------ DATASET RECORDS

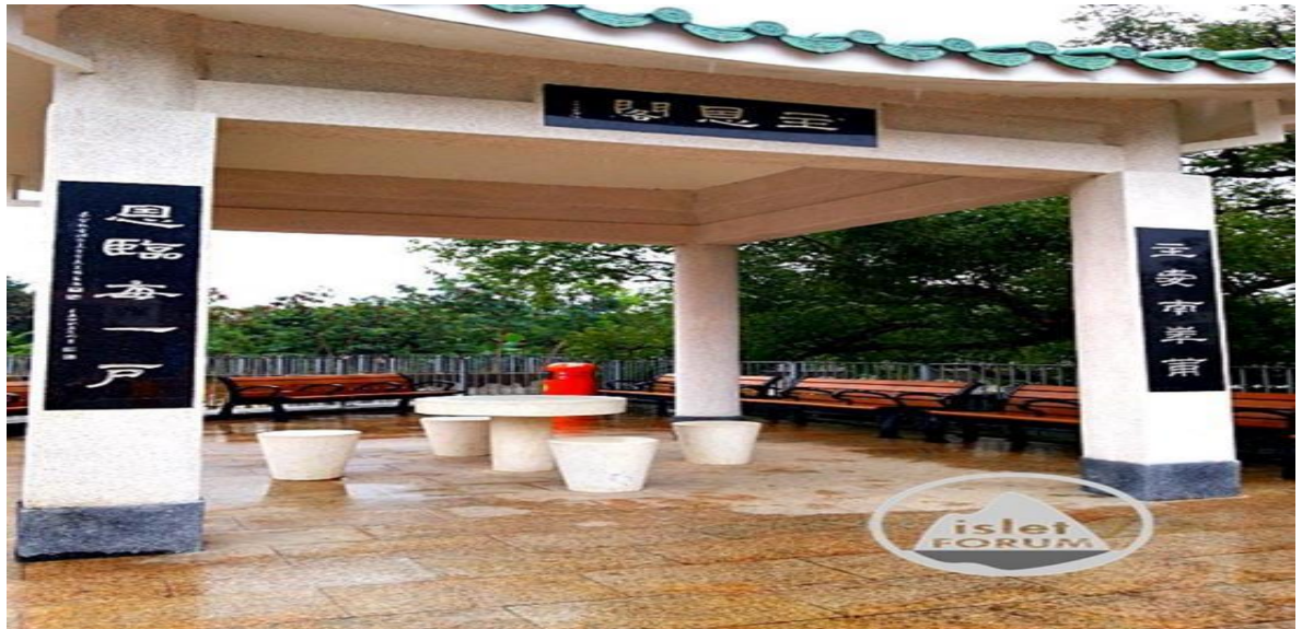
图 12. 村中的建筑[主恩阁]

了一所[主恩阁]作为村民休憩之用。由此可见，村民在建筑村中的硬件配套时，处处渗透着基督化的气息，除了显示出村民对基督氛围的重视，也让迁入居住或前来到访的人，感受到此村落对基督信仰的推崇备至。
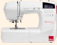
eXperience 530 UVP 699 € Eintauschpreis 599 €
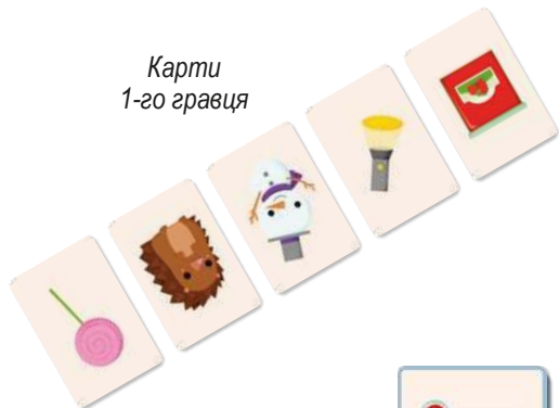
Карти 1-го гравця
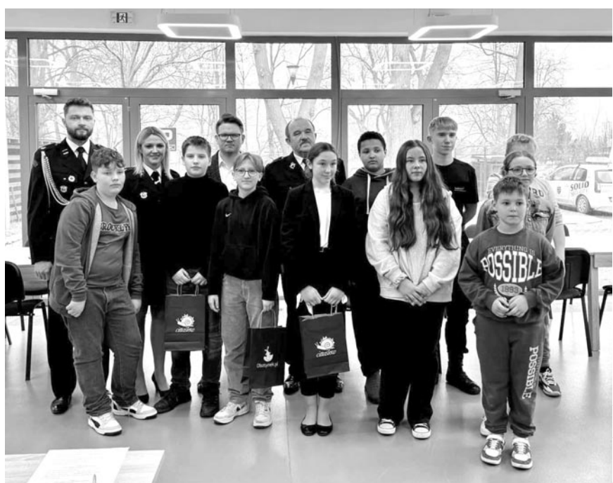
fol. UM Olsztynnek
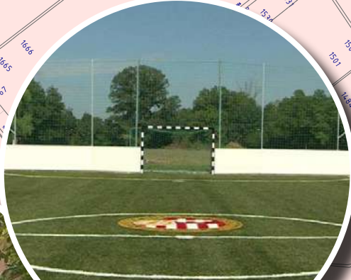
LENCSÉSI ÁLTALÁNOS ISKOLA MŰFÜVES PÁLYÁJA
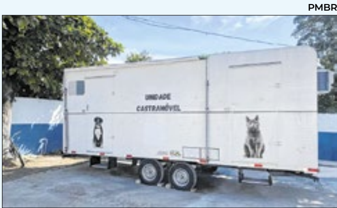
Moradores de Heliópolis terão quatro dias de vacinação

------------

PROBLEM DESCRIPTION: In the answer, give only the lines from the one containing "Карти 1-го гравця" through the end of the records above, each reproduced exactly. Include no pictures.

ANSWER BOX:
Карти 1-го гравця
fol. UM Olsztynnek
LENCSÉSI ÁLTALÁNOS ISKOLA MŰFÜVES PÁLYÁJA
Moradores de Heliópolis terão quatro dias de vacinação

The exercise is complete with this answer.